Tel Aviv University closed an exhibit of artwork by members of the Falun Dafa (Falun Gong) sect last year due to economic and political pressure from the Chinese Embassy, the Tel Aviv District Court ruled yesterday.
It also found that Dean of Students Prof. Yoav Ariel acted extremely unreasonably by ordering the exhibit closed without even seeing it.
It therefore ordered the university to host the exhibit for another full week during the upcoming semester, and to pay the two organizers - students Tamuz Itay and Yaniv Nitzan - NIS 45,000 in court costs.
Judge Amiram Benyamini said the plaintiffs proved that the Chinese Embassy finances various activities at the university, including scholarships for students who study in China, a campus Confucius Center where students can study Chinese, and conferences on Buddhism and Chinese philosophy. "It seems that Prof. Ariel feared endangering these activities," and therefore closed the exhibit, he wrote.
The exhibit opened on March 3, 2008 and was supposed to run for two weeks. Instead, it was shut down four days later. The organizers then sued the university, saying it had given in to pressure from the embassy. The Falun Dafa sect is banned in China.

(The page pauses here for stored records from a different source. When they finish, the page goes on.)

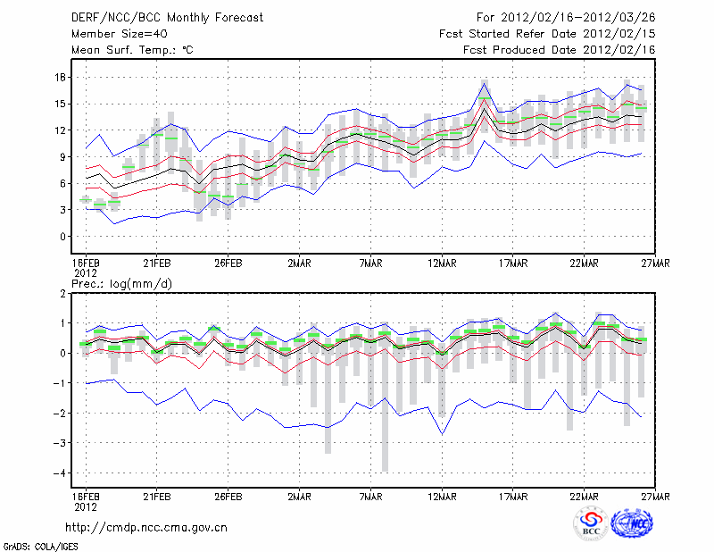 恩 施 (LAT:30.28 LON:109.47) 2012-02-16        预测
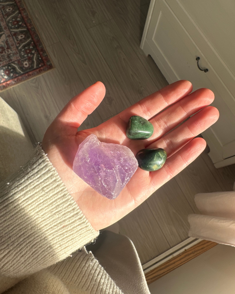 Asetin kaksi pienempää kristallia poskien päälle ja ametisti otsalle kulmakarvojen väliin (kolmas silmä).
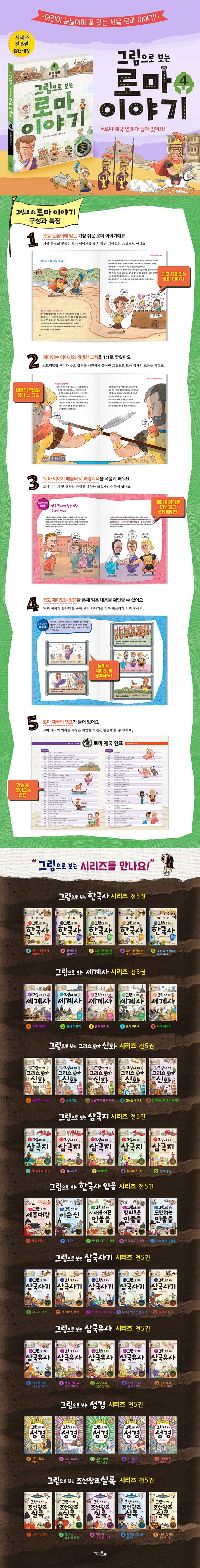 〈그림으로 보는 로마 이야기〉는 생동감 넘치는 입말체로 하루아침에 이루어지지 않은 로마의 주요 사건과 인물 이야기를 재미있게 풀어냈어요. 작은 도시 국가 로마가 지중해의 대제국으로 성장해 눈부신 문화를 꽃피우고 동서로 분열되어 역사 속으로 사라지기까지 로마의 역사를 어린이의 눈높이에 맞춰 생생한 그림으로 담아내 세계사를 바라보는 눈이 한층 더 넓어질 거예요.

During the trial, Ariel admitted that the embassy had asked him to close the exhibit, but insisted that had nothing to do with his decision. Rather, he said, he closed it because the university does not allow political activity or religious proselytizing on campus.
But Benyamini said the artworks involved no proselytizing, while "there is not a shred of truth to the claim that the university does not allow political activity on campus."
He also said Ariel submitted no evidence to back his claim that Israeli students in China and visitors to the exhibit had both asked him to close it.
"It is inconceivable that a university, which is entrusted with sanctifying freedom of expression, should engage in censorship," Benyamini concluded.